Materials provided: Begin

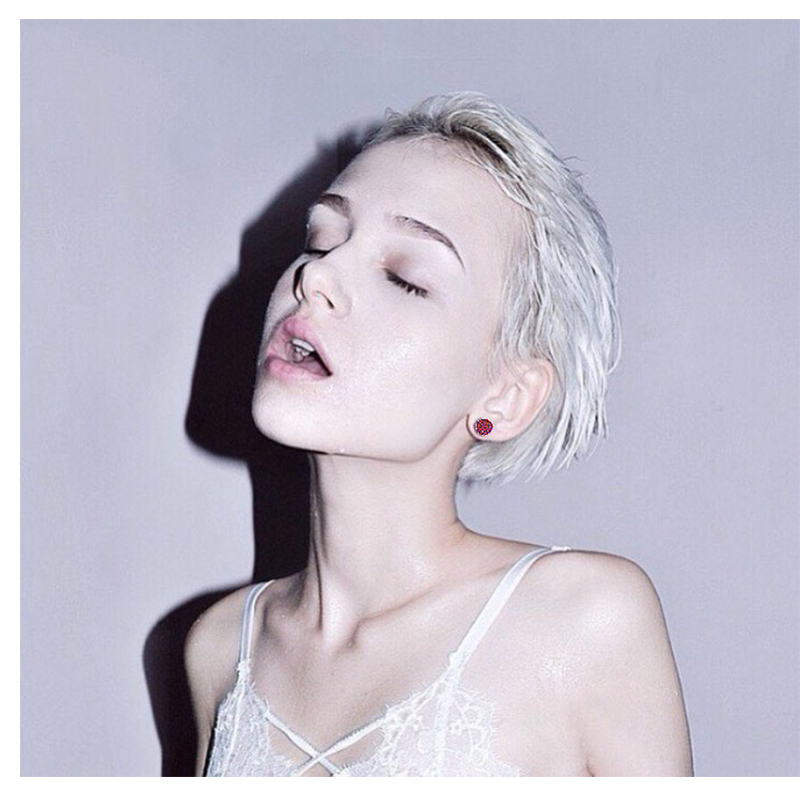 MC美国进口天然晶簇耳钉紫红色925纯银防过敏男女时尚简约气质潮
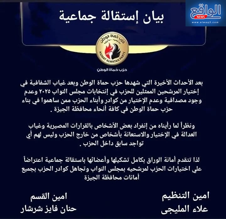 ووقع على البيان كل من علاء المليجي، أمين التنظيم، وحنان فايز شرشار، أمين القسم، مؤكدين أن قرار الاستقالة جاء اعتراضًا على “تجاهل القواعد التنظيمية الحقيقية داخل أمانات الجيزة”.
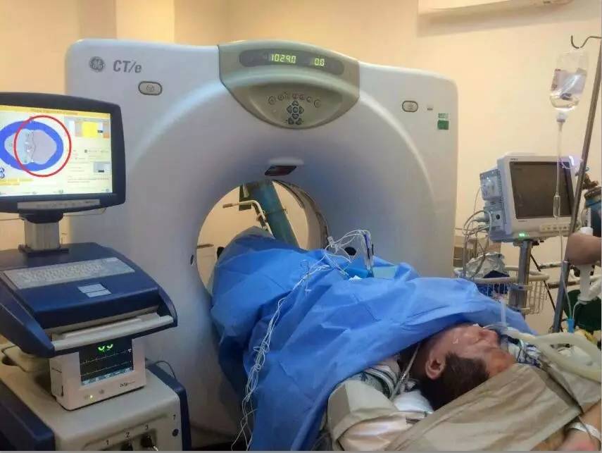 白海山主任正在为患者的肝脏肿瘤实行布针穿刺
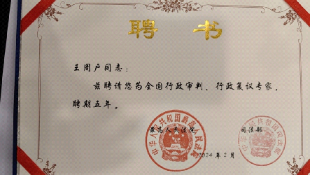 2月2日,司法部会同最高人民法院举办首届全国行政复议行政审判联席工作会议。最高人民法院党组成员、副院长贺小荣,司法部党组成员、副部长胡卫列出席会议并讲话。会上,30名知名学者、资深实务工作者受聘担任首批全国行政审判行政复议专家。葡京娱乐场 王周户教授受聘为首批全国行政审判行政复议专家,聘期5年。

Materials provided: End
Materials provided: Begin

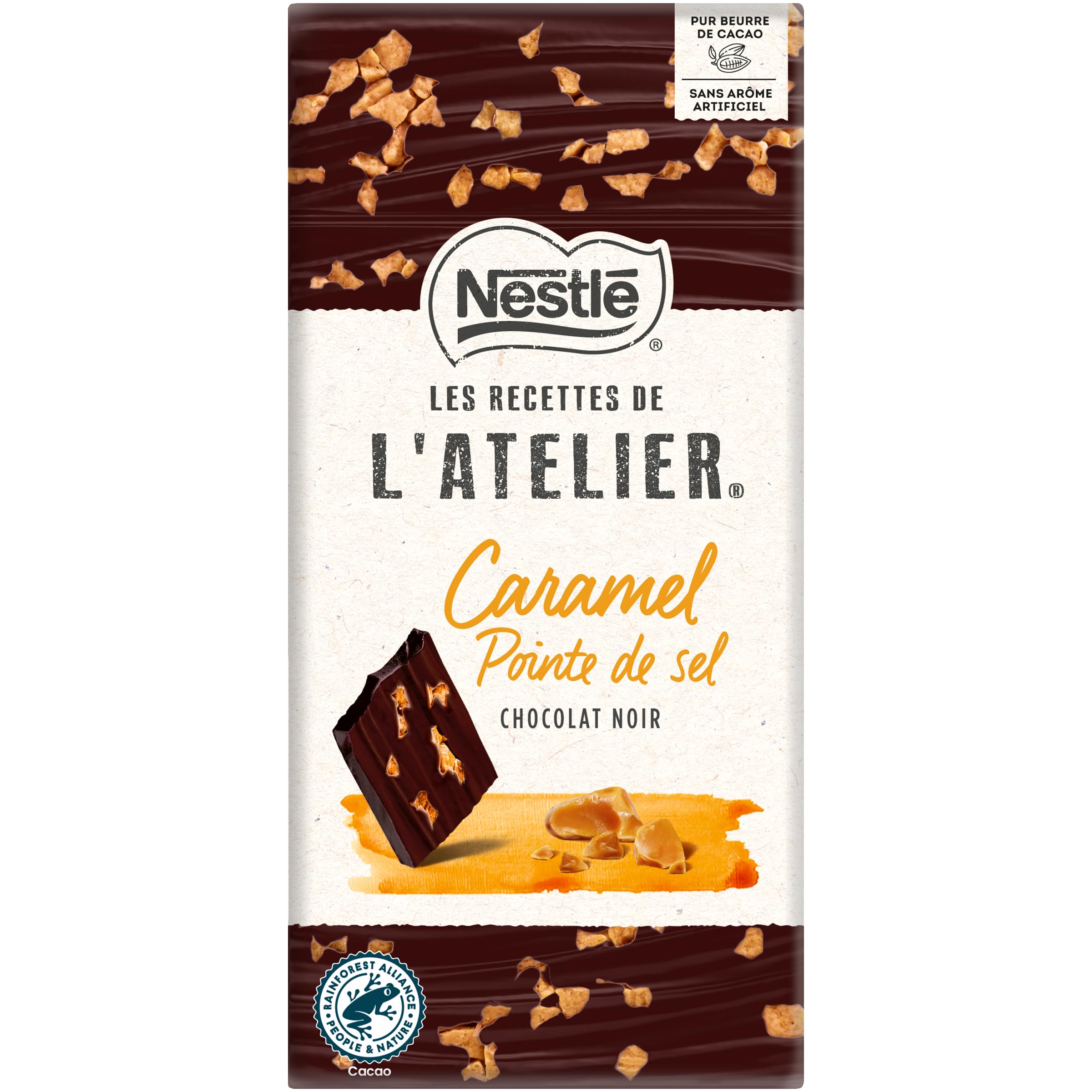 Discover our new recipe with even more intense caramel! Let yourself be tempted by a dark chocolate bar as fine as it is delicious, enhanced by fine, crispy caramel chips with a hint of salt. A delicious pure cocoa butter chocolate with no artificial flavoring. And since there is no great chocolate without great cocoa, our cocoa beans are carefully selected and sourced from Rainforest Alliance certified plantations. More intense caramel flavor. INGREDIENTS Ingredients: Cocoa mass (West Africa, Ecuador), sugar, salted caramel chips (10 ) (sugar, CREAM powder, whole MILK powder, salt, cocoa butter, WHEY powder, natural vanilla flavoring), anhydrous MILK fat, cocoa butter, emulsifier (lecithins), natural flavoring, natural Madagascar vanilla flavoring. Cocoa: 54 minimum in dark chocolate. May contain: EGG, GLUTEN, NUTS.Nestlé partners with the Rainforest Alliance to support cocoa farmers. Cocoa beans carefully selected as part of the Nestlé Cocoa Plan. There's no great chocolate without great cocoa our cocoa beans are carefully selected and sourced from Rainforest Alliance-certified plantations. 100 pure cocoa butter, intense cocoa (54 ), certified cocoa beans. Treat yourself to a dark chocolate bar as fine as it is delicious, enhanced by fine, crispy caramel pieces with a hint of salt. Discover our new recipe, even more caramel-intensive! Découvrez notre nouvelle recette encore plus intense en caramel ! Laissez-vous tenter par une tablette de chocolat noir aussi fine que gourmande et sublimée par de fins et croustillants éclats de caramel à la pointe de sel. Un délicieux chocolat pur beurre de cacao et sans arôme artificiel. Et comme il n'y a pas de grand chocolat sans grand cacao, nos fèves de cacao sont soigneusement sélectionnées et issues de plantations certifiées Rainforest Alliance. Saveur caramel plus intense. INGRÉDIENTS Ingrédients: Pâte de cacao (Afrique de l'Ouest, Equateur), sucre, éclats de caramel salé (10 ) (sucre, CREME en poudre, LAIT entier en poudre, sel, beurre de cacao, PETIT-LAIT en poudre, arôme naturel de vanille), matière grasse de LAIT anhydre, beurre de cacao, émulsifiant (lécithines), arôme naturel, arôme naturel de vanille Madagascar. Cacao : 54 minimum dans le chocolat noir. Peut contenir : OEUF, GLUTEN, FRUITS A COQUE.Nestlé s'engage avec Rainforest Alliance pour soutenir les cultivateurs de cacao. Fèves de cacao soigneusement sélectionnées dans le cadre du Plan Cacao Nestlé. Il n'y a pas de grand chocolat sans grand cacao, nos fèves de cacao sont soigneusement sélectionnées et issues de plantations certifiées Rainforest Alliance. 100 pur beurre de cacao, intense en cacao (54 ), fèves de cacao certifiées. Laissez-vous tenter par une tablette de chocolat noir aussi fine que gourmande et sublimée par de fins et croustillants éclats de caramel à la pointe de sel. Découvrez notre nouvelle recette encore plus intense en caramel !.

Materials provided: End

[Task directions] The response must repeat exactly the lines above from the one with "ووقع على البيان" through the one with "2月2日,司法部会同最高人民", including both, and must contain no pictures and no other text.

[Solution for this task]
 ووقع على البيان كل من علاء المليجي، أمين التنظيم، وحنان فايز شرشار، أمين القسم، مؤكدين أن قرار الاستقالة جاء اعتراضًا على “تجاهل القواعد التنظيمية الحقيقية داخل أمانات الجيزة”.
 白海山主任正在为患者的肝脏肿瘤实行布针穿刺
 2月2日,司法部会同最高人民法院举办首届全国行政复议行政审判联席工作会议。最高人民法院党组成员、副院长贺小荣,司法部党组成员、副部长胡卫列出席会议并讲话。会上,30名知名学者、资深实务工作者受聘担任首批全国行政审判行政复议专家。葡京娱乐场 王周户教授受聘为首批全国行政审判行政复议专家,聘期5年。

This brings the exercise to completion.